LI. На другой день в среду, 14 числа ноября месяца, в обедню подняли паруса, так как была хорошая погода, двинулись и выехали в узкое место при входе в устье Большого моря, и около третьего часа поравнялись с одной башней, которая стоит на Греческой земле возле самого моря и называется Трапеа; там зашли в порт, потому что надо было запастись [96] водою, пообедали и после обеда поехали в путь. Немного дальше прошли мимо двух замков, которые стоят на двух возвышениях на берегу моря; один из этих замков называется Гироль Греческий, а другой Гироль Турецкий. Один стоит в Греции, а другой в Турции; Греческий разрушен и не обитаем, а Турецкий населен. На море между этими двумя замками стоит башня в самой воде, а у подошвы Турецкого замка стоит скала, и на ней тоже башня; от замка до этой башни идет стена, а между этими башнями от одной до другой шла прежде цепь; и когда эта земля Турецкая и Греческая принадлежала Грекам, тогда эти замки и башни были сделаны для охраны входа в город и в пролив; и когда какой-нибудь корабль или судно шло из Большого моря в город Перу и в Константинополь, или какой-нибудь другой корабль хотел войти в Большое море, то протягивали эту цепь от одной башни к другой и не позволяли пройти, пока не заплатят пошлины. Около вечерни приехали к началу Большого моря, и так как было уже близко к ночи, то остановились и [97] стояли до другого дня. Этот пролив очень узок, и на правой руке земля Турецкая, а на левой Греческая; и на Турецкой и на Греческой земле видно было на берегу моря много церквей и разрушенных зданий.

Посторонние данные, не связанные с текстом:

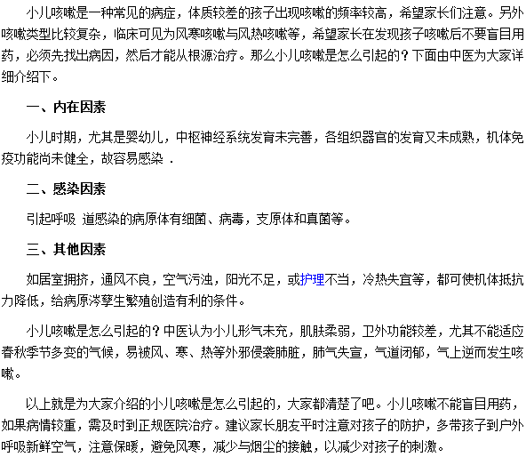 您想知道小儿咳嗽是怎么引起的吗?相信您看了这篇有关小儿咳嗽是怎么引起的文章,您就了解了。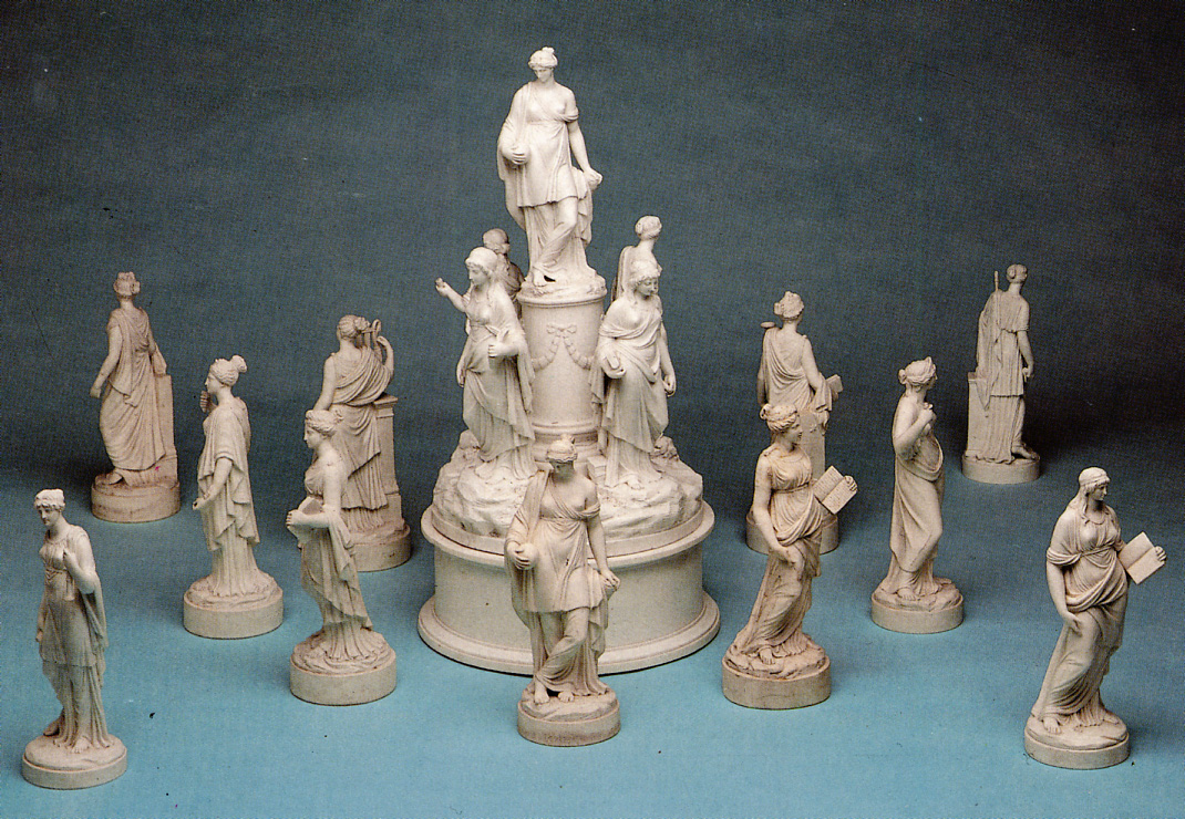 Gruppo scultoreo per centrotavola composto da un gruppo centrale e da dodici statuette: esemplari ripetuti da due a quattro volte delle Muse Urania, Calliope, Erato, Clio, Euterpe, Melpomene, ciascuna con i suoi attributi caratterizzanti, per un totale di sedici elementi ripartiti in due anelli concentrici ad altezza progressivamente decrescente rispetto alla figura centrale di Urania, che si eleva su di un alto piedestallo con base e decorazioni a festoni

Около полуночи вышли оттуда и вошли в Большое море. Путь лежал у самого берега Турецкой земли; около третьего часа, когда шли на парусах при хорошей погоде. поломалась рея; прошедши немного на веслах, приблизились к земле и починили рею. Отправились оттуда немного спустя после полудня, и прошли мимо одного маленького замка, который стоял на верху скалы на Турецкой зёмле, и море окружало его со всех сторон, кроме одного маленького входа; этот замок назывался Секелло. Когда наступил час Ave Maria, пришли к порту на маленьком острове, который назывался Финогией Генуэзской.

Община города Перы послала в это Большое море две вооруженных карраки, чтобы они стерегли Венецианские корабли, которые должны были прийти из Танского моря нагруженные товарами, и чтобы взяли их в плен, когда они подойдут [98] ничего не подозревая, так как они не знали о войне, которая была между ними; одна из этих Генуэзских каррак стояла у этого острова Финогии. Эту ночь простояли тут.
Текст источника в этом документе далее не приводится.